Install a Test Service

  1. Add a mock pacs and random study header generator:
$ docker stack deploy -c docker-stacks/diana-workers/mock-stack.yml mock

Notes

Reset Volumes

Note: if volumes are created on a node, they are not removed when the stack is removed. They must manually be removed to clear errors about directories not being found.
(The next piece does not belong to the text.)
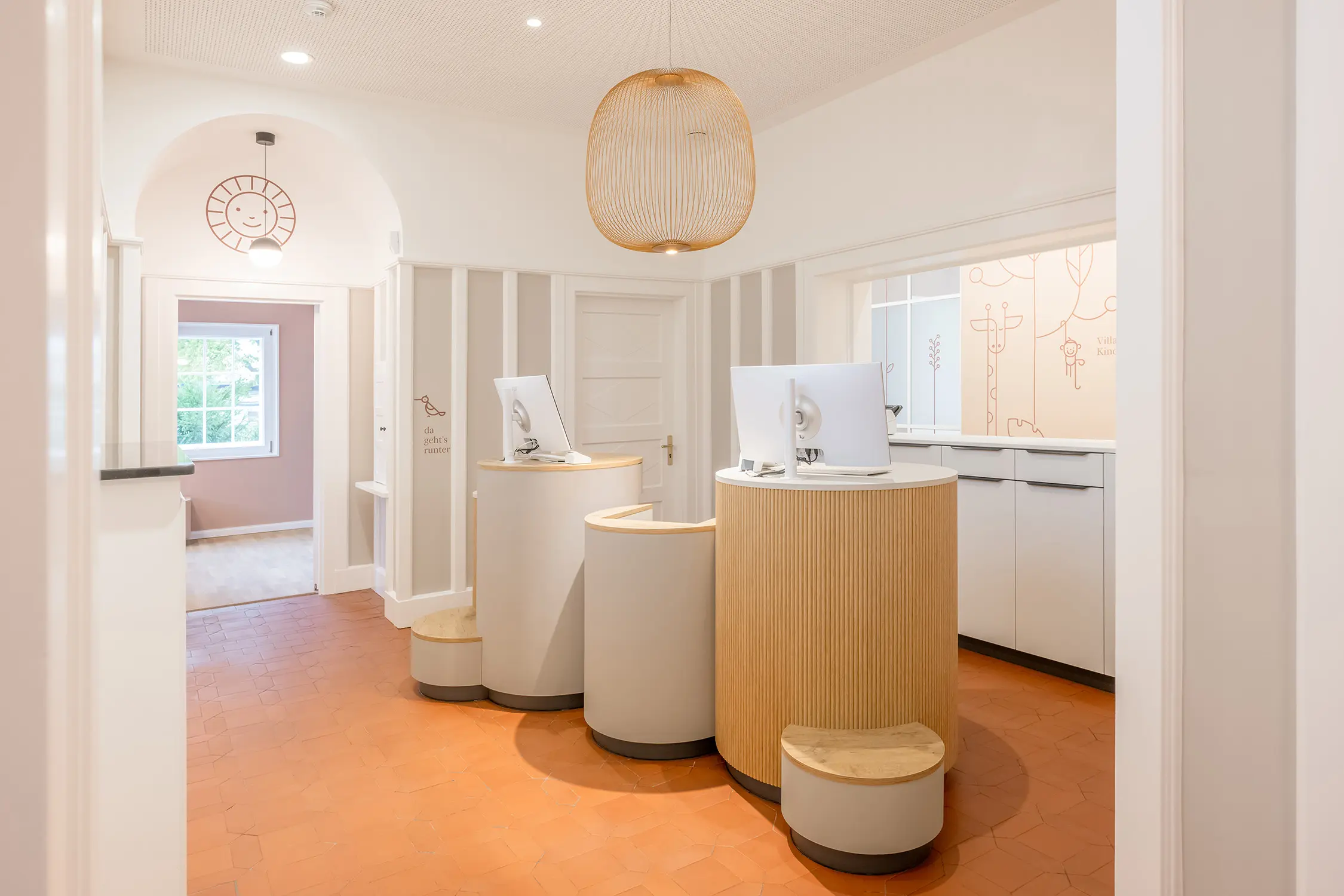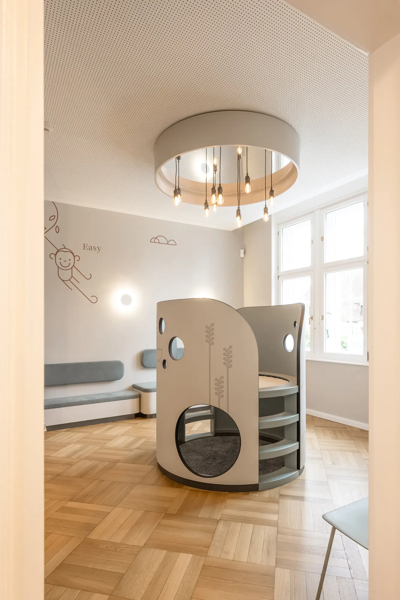 Old Walls, New Ideas! A pediatric dental practice in a heritage building from 1910 – what may at first seem contradictory turned out to offer not only challenges, but also tremendous design opportunities thanks to the historic fabric. The result is an atmosphere that offers children and parents a truly unique experience, impossible to replicate elsewhere. Inspired by the Genius Loci, old and new elements blend together in remarkable harmony. High, light-filled rooms create a spacious and distinctive spatial experience.

Points of Potential Failure

  • The database backend is constrained to a single system with a large disk store. This would benefit from a distributed storage system, like Rexray.
  • The IP address for the bridge is hard-coded into the sending modalities and PACS. They should be using a name with multiple IP’s or an non-bound IP that can be reassigned across the cluster as necessary.
  • With a setup of 3 machines, the system only fault tolerant against loss of a single manager node

Postgresql Config

See http://pgtune.leopard.in.ua for simple config tool. For our servers w 200GB of RAM I used the following:

max_connections = 200
shared_buffers = 25GB
effective_cache_size = 75GB
work_mem = 128MB
maintenance_work_mem = 2GB
min_wal_size = 1GB
max_wal_size = 2GB
checkpoint_completion_target = 0.7
wal_buffers = 16MB
default_statistics_target = 100

Although it did not seem to make much of a difference in performance.

Portainer Reset

Fix Portainer showing multiple copies of the same container:

$ docker service rm admin_portainer-agent
$ docker service rm admin_portainer
$ docker stack deploy -c docker-stacks/admin/admin-stack.yml admin

Splunk Config

Don’t forget to turn off acknowledgement in the HEC – otherwise it will insist on a data channel and show up with 400’s

Testing:

curl -k http://splunk:8088/services/collector -H "Authorization: Splunk $SPLUNK_HEC_TOKEN" -d '{"event":"Hello, World!"}'

Increase length for _json sources:

/opt/splunk/etc/system/local/props.conf

[_json]
TRUNCATE = 500000

Currently have to manually do a bunch of things:

  • add a dicom index
  • add a hec token
  • enable hec
  • switch off https for hec
  • re-deploy with correct hec token

I did these all with an Ansible role previously. Need to investigate implementing similar here.